# Flat Roof EPDM



## jagans (Oct 21, 2012)

You can do a recover, but anything that is wet or damaged has to be removed, you will need perimeter nailers, and rigid board insulation. A rule of thumb in a recover is to put more R value under the new roof (Above the old membrane) than you have in the old roof. The insulation will be fastened to the structural deck with roof deck screws and 3 inch insulation plates. The glue is yellow glue and is a contact adhesive, so its good to know what you are doing. Check to see if they have a one sided adhesive, its much easier to work with. 

Go to Firestone Building Products, EPDM Fully adhered, and read all you want. 

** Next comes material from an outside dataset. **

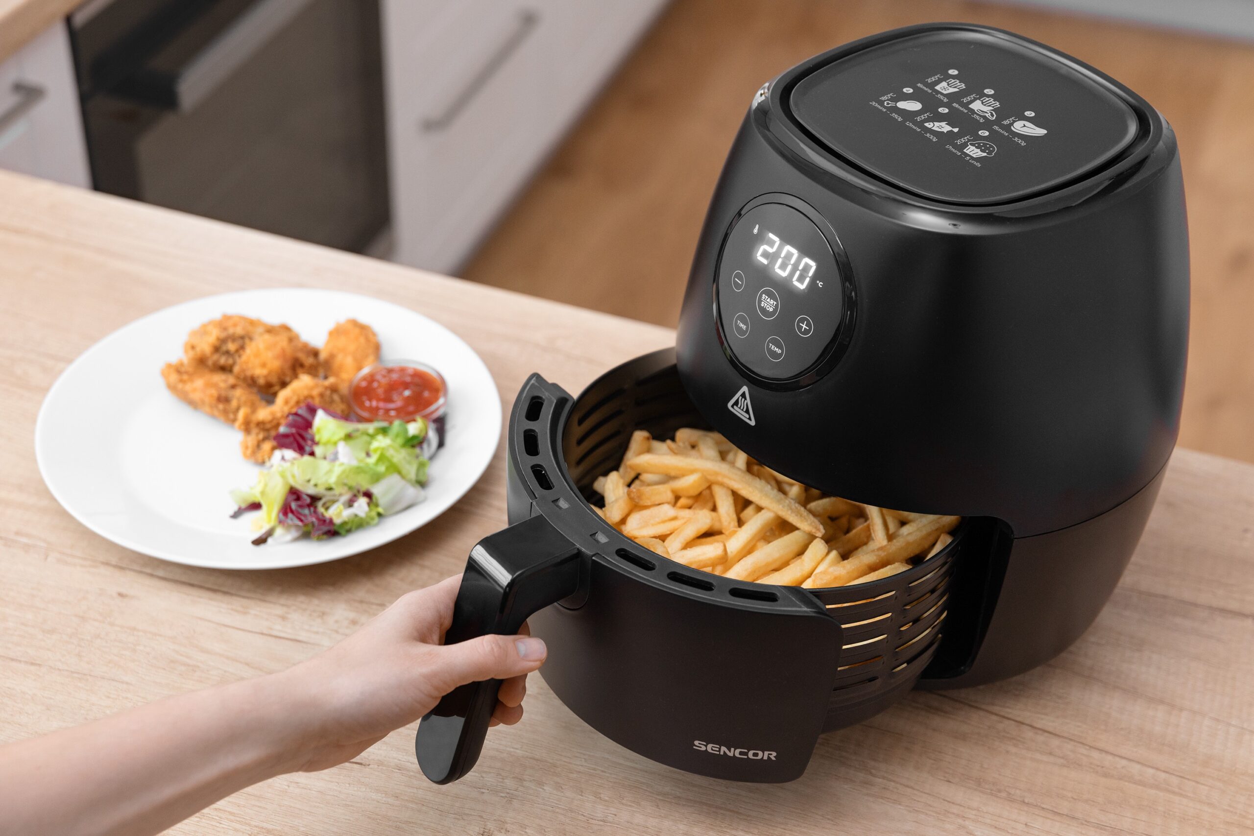 Kuumaõhufritüür Sencor valmistab õlivabalt maitsva ja tervisliku toidu.

Use .060" Unreinforced Black

You want to get some slope to drain, at least 1/4 inch per foot.


----------



## scorer (Apr 15, 2013)

Thank you Jagan. Are you talking about something similiar to this? 
http://www.homedepot.com/p/t/202530...toreId=10051&N=5yc1v&R=202530470#.UWxmGdLbO6w

Would these products break when we step on them?

Also, I can readily buy the .045 EPDM from a pond supplier made by firestone. Is this the same material and would .045 be sufficient?

Thank you.


----------



## jagans (Oct 21, 2012)

No. 

You are going to need to purchase all of the "Parts" to do this project from a Roofing supply outlet like Allied roofing Supply, Bradco Supply, The Roof center, etc. The insulation used in conjuction with EPDM is a black faced high density Isocyanurate. The stuff you are showing does not cut it. It has poor compressive strength, and the facer is not bonded well enough for roofing.

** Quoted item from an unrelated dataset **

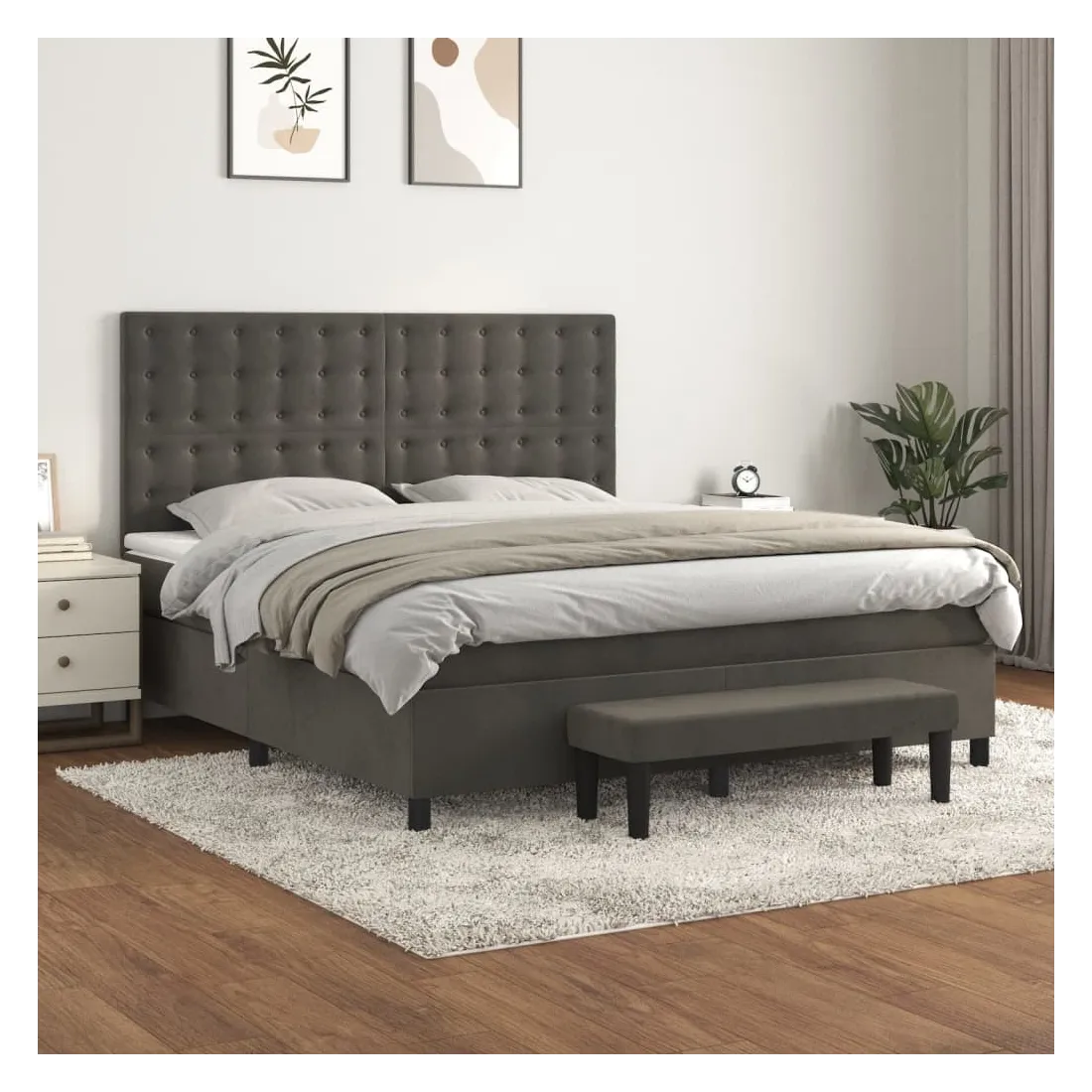 Sommier à lattes de lit et matelas Gris foncé 180x200cm Velours

You are going to need a bunch of stuff. Pressure sensitive flashing, primer, phenolic core rollers etc.

I would not use less than .060 Unreinforced EPDM (Ethelyene Propylene Diene Monomer) It is actually a Terpolymer, not a Monomer any more since about 1986 I think. The reason for the thicker membrane is its "hand" .060 is much easier to seam than .045. you may want to do a search on my previous posts re EPDM. Use fully Adhered, and use unreinforced.

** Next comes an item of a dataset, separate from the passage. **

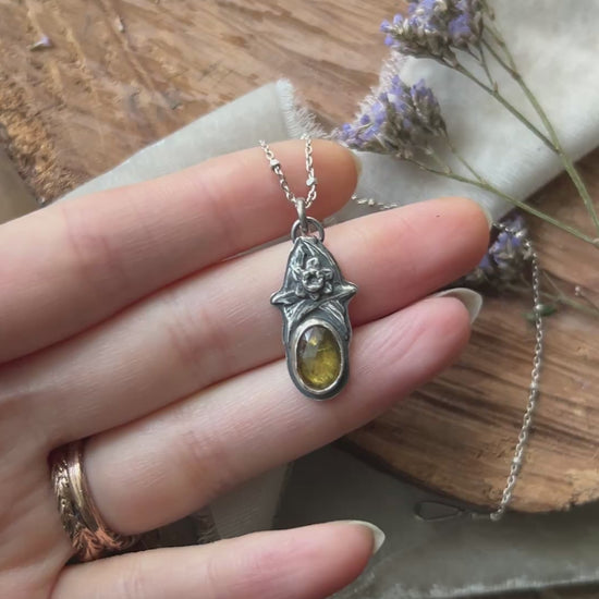 Sphene and Daffodil Necklace- sterling silver floral jewelry

A pond liner does not have to put up with anywhere near the grief that a roof puts up with, so I would stick with roofing material. It might be the same formula, but frankly, I don't know

If you think you want to do this yourself, you need to read up. It might be wise to just hire a commercial roofer. If you decide to do it yourself I would look up a commercial single ply contractor and see what they have in the shed, because a roofing supply is going to charge you retail.


----------